Most Overlooked Issue in a Purchase/Sale of a Private Company Business

salebuttonIn the sale or purchase of a private company its still necessary to use best practices in order to have the parties feel good about the transaction.  Using the services of a corporate financial advisor, a tax accountant, a corporate lawyer who work together as a team from the beginning will provide you with the ability to see things that are often overlooked by purchaser in a company.

In a past transaction the sole shareholder(owner) of a private company sold his shares to an independent purchaser and the capital gain realized was eligible for the small business corporation shares capital gains deduction.  So far so good for both parties.

However, one of the most common issues which is misunderstood by both the purchase & seller is the “Due to/from shareholder” account.  On the surface it seems like a fairly straight forward liability account, the credit balance in the account is owed to the shareholder.  Here is where the 3 professional advisors, a corporate finance lawyer, the tax accountant, and the corporate financial advisor know that this is a liability like any other liability and is owed to the shareholder.  Some accountants have trouble understanding this because they assume that the company had sold its shares, but the shares are separate from its liabilities.

Another effect of this “credit balance” in the Due to Shareholder account is when the new owner decides to draw money out of this account he will have been deemed to have received a “taxable benefit” under Section 15 of the Income Tax Act.
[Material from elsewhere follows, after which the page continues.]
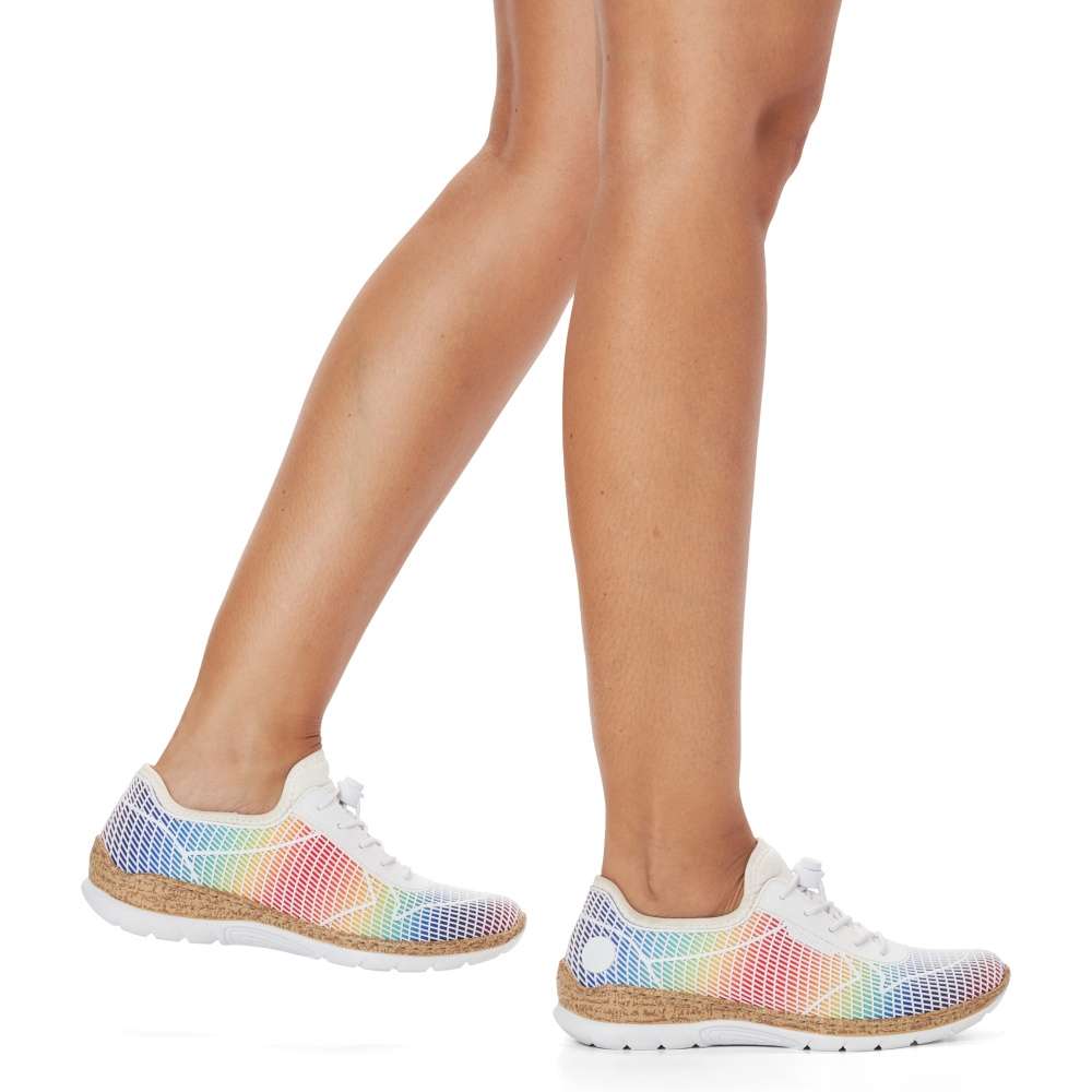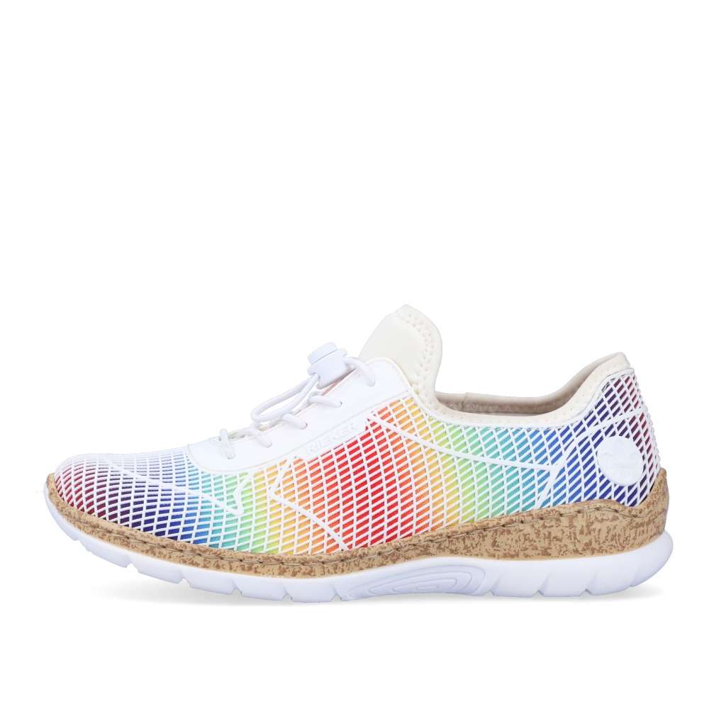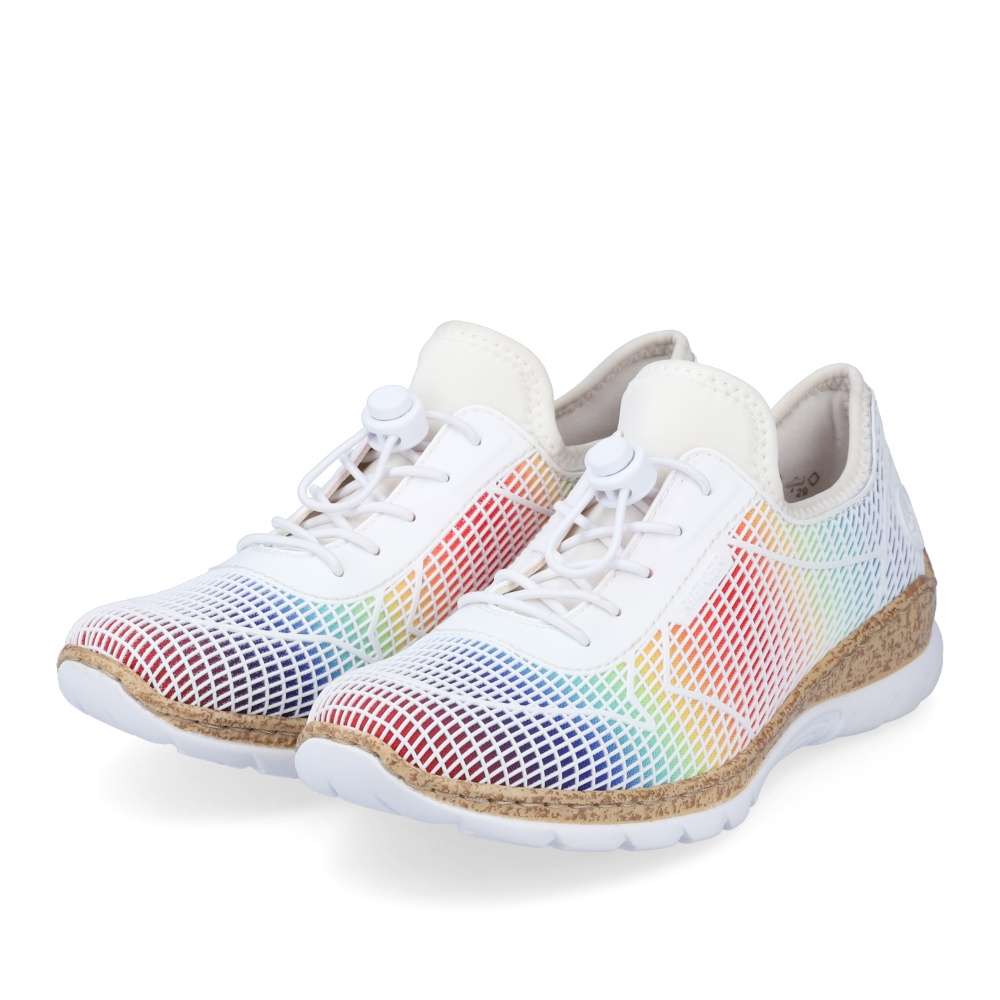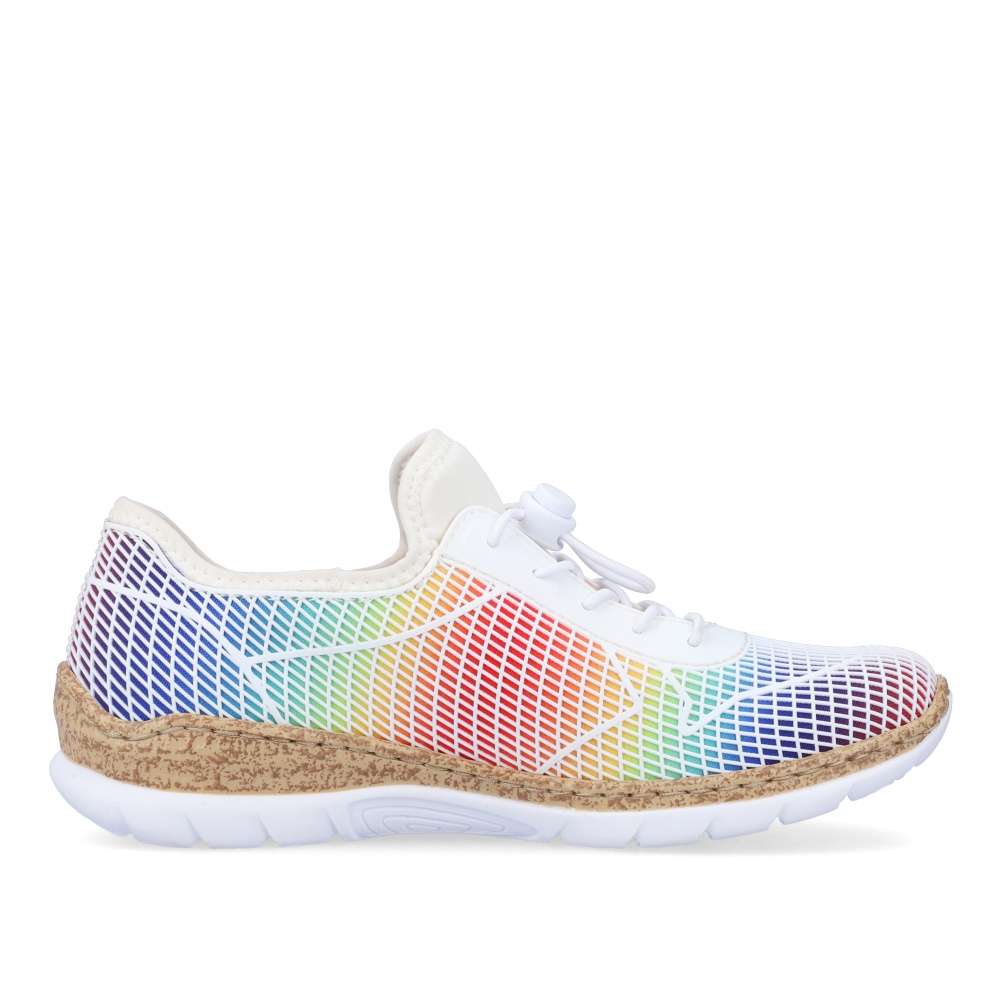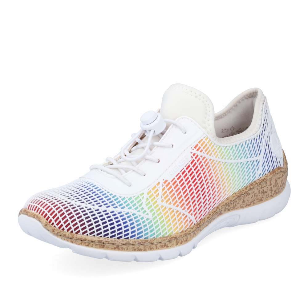 Detailní informace Elegantní, ale zároveň sportovní jsou tyto polobotky značky RIEKER. Duhový svršek je doplněn bílou mřížkou, logem značky či pružným lemem horního okraje obuvi. Snadno si obuv nazujete a přizpůsobíte díky šněrování pružnou gumičkou, které lze snadno utáhnout či povolit. Unikátní textilní stélka z paměťové pěny změkčí došlap a přizpůsobí se tvaru Vašeho chodidla. Podešev v horní části s imitací korku je vyrobená s technologií Antistress díky níž je lehká a flexibilní. Tento vysoce komfortní vzor je vhodný pro každodenní nošení ke každému outfitu.

Why? The withdrawal transaction isn’t a return of capital it’s a debt owed to its the former owner.  The capital gain for the seller of the business in this situation is also overstated which the capital gains exemption the owner has here.

An example might help here: the seller of the business sells her business for $500,000 and the owner has a credit balance of $150,000 in the Due to Shareholder account.  In the sales agreement the buyer of the business should ensure that the agreement reflects an allocation of the purchase price of $150,000 to purchasing the debt of the Due to shareholder account and the remainder allocated to the purchase of the seller’s shares.  The reason is that the purchaser has a debt owed by the company to herself and when she wants to withdraw some of it, it will be tax free unlike the prior situation.

This unfortunate situation can be reversed, but if the parties use best practices and have a coordinated team of advisors working from the beginning  it will save time and money for both the buyer and the seller.  But sometimes, the transaction go through due to no advice for either party and the consequences are a tax project case resulting in more money spent on a tax advisor later.  In a case documented in CMA magazine an accountant figured they fixed this by exchanging the debt for more shares, but caused more tax problems in the allowable business investment loss  issues and failed to take into account subsection 80(2) of the income tax act which allows the debt to be settled for the fair market values of shares issued.

The lesson here is that it is easier to have a team in place before you decide to do a sale or purchase of a private business to advise you on the issues, because they’re not as straight forward as you may think.  You can’t substitute the expertise of a group of advisors to help you save you money and headaches in the long run.